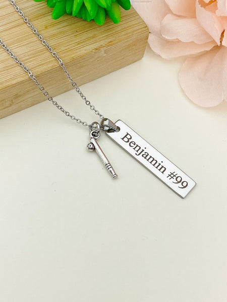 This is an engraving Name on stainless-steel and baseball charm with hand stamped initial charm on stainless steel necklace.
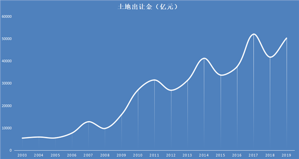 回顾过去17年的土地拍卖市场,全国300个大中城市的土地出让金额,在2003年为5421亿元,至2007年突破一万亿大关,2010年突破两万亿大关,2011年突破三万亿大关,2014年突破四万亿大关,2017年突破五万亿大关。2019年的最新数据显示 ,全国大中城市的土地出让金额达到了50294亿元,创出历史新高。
...
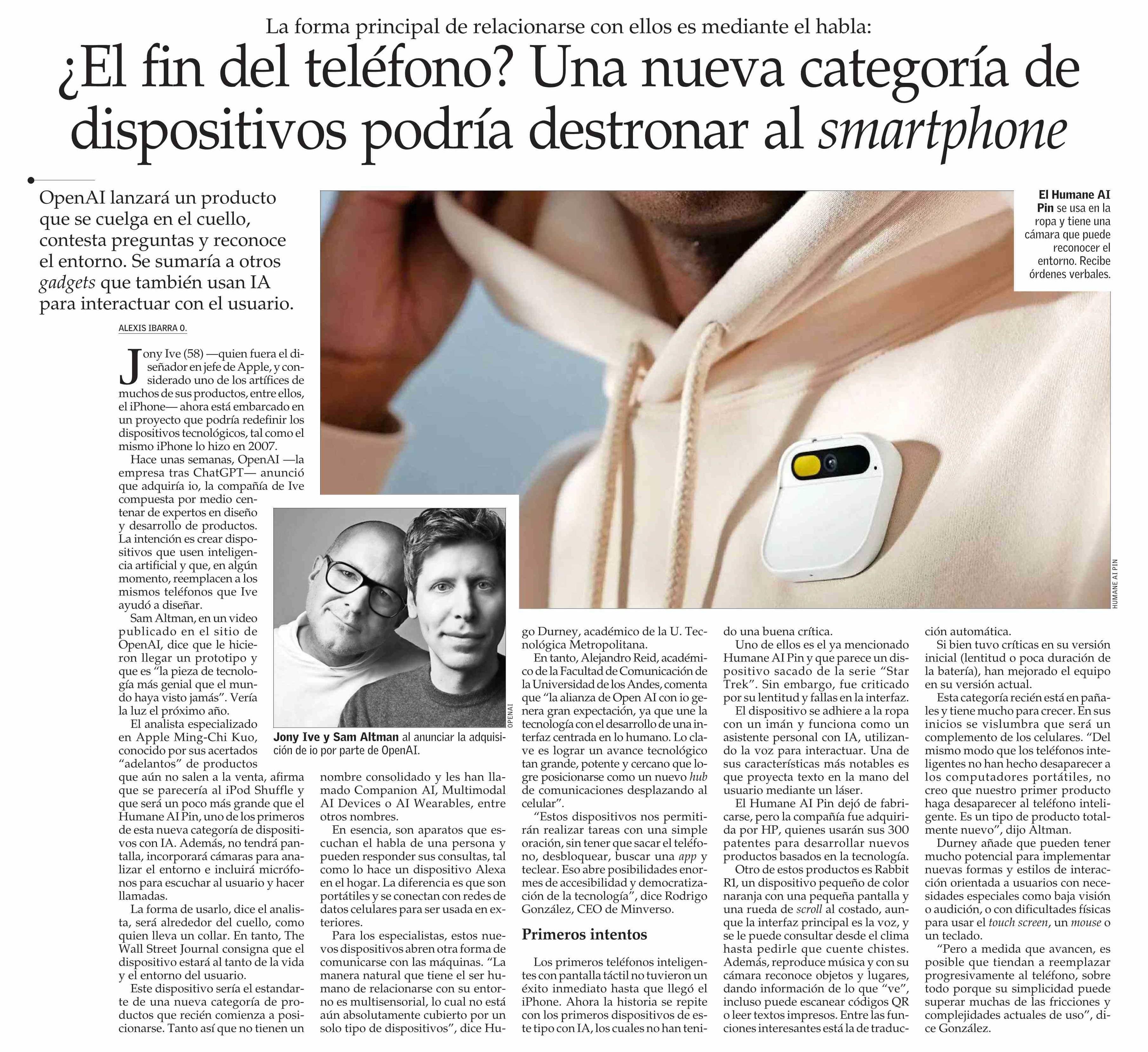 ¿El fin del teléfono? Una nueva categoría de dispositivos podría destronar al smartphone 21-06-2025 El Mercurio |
--
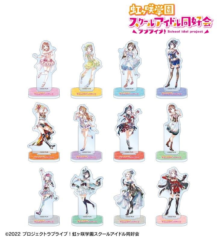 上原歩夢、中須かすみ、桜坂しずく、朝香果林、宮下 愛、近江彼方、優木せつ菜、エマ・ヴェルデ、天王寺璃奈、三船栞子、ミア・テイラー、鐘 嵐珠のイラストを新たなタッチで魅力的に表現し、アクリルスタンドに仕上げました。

## [Aim of the task]
In the listing above, find the line containing "This is an engraving" and the line containing "回顾过去17年的土地拍卖市场"; print those lines and every line between them exactly, leaving out pictures.

## [Result below]
 This is an engraving Name on stainless-steel and baseball charm with hand stamped initial charm on stainless steel necklace.
 回顾过去17年的土地拍卖市场,全国300个大中城市的土地出让金额,在2003年为5421亿元,至2007年突破一万亿大关,2010年突破两万亿大关,2011年突破三万亿大关,2014年突破四万亿大关,2017年突破五万亿大关。2019年的最新数据显示 ,全国大中城市的土地出让金额达到了50294亿元,创出历史新高。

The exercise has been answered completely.